Cuando yo era estudiante a mediados de los años cincuenta había mucha gente que creía que la pintura de caballete era inmoral. El muralismo era considerado como la única forma ética de hacer pintura. Hoy diría que el asunto es al revés, que un mal mural hace mucho más daño que un mal cuadro al óleo y que por lo tanto prefiero que la gente haga cuadritos.  Pero en la época se confundía el arte con la propiedad del arte. El cuadro era malo porque podía ser poseído por una persona, la cual por definición era rica, burguesa, elitista y pérfida. En cambio el mural es propiedad pública, el público es pobre y proletario y por lo tanto es bueno.

Diría entonces que en la época había un segundo tipo de distancia crítica. Era una distancia crítica que permitía separarse de las necesidades individualistas y que al usar la propiedad como criterio, de hecho también aceptaba de alguna manera que la comunicación es un hecho importante.  Sin embargo era una distancia mal medida, una distancia que solamente permitía la visión esquemática de las cosas. Como esa distancia venía cargada ideológicamente, uno pensaba de muy buena fe que todas las complejidades quedaban solucionadas, ya que para eso sirven las ideologías.

Hay, por lo tanto, dos categorías de distancias críticas, distintas aun si a veces se entrecruzan. Una es la necesaria para la crítica del proceso artístico. La otra funciona en una dimensión social y continúa mucho después de terminada la obra, cosa que no quita que pueda o deba retroalimentar las obras siguientes. Si durante las discusiones sobre si hacer cuadros o murales, la distancia crítica se hubiera medido éticamente en lugar de ideológicamente y habrían aparecido otras cuestiones importantes. Entre ellas por ejemplo: la posibilidad de que el burgués elitista y pérfido pueda ser reeducado, o sea que el público de galería tiene tanto derecho a ser el blanco de una buena comunicación como cualquier otro público. Y como ese segmento de la población que va a galerías tiende a tener más poder que el que no va a galerías, sería bastante útil lograr su reeducación.

Otra cosa  que se hubiera hecho visible: que el arte de galería posiblemente educa más al artista que al público.  El público de galería va con ciertas expectativas fetichistas relacionadas a cierto respeto y sus deseos  de posesión del objeto artístico.
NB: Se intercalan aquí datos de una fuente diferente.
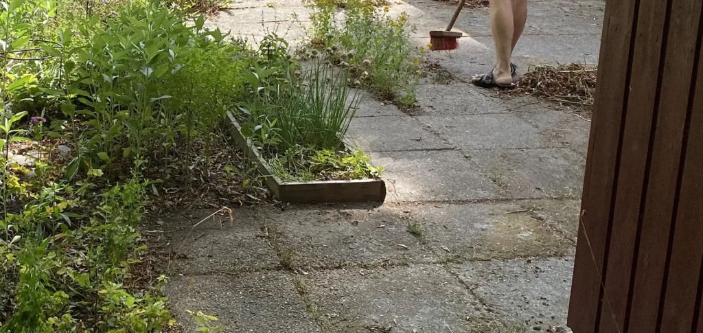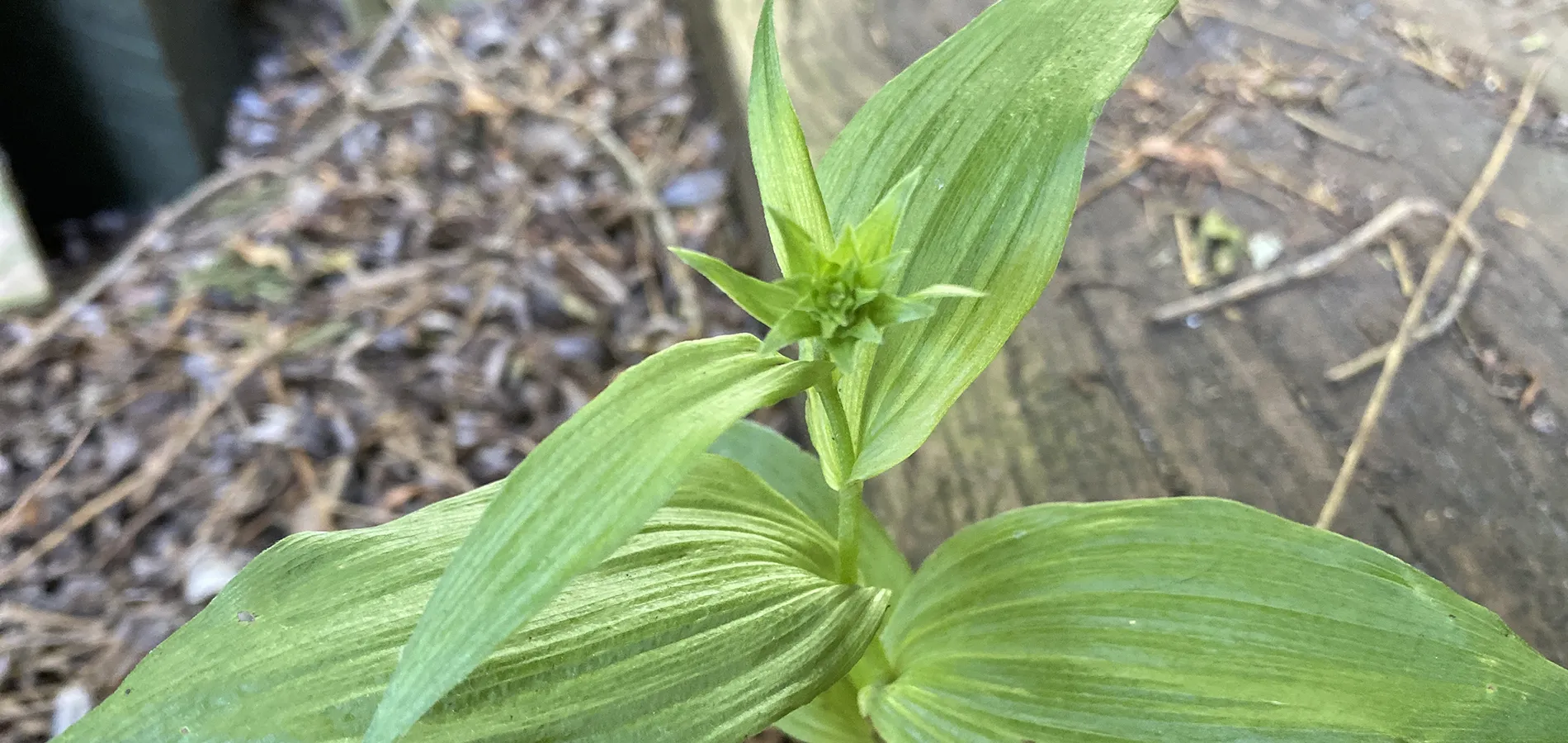 2023: Set første gang mellem træsvellerne ved siden af carporten. Selvsået.

Como diría Julio Cesar: “Miro, admiro y mío”. La galería explota esto y el artista por lo tanto tiende a querer satisfacer la situación. Pero el que caiga en eso, solamente quiere decir que el artista no supo establecer una distancia crítica con respecto a la “institución galería” para contrarrestar los efectos de esa presión.

Finalmente otro ejemplo está dado por el arte público, el cual normalmente tiene una cierta permanencia física y por lo tanto tiene aspectos totalitarios que funcionan independientemente de su mensaje explícito. Si un mural me cuenta que soy o debo ser libre, pero al mismo tiempo me obliga a verlo todos los días aunque no tenga ganas, me está robando libertad a pesar de lo que me está diciendo.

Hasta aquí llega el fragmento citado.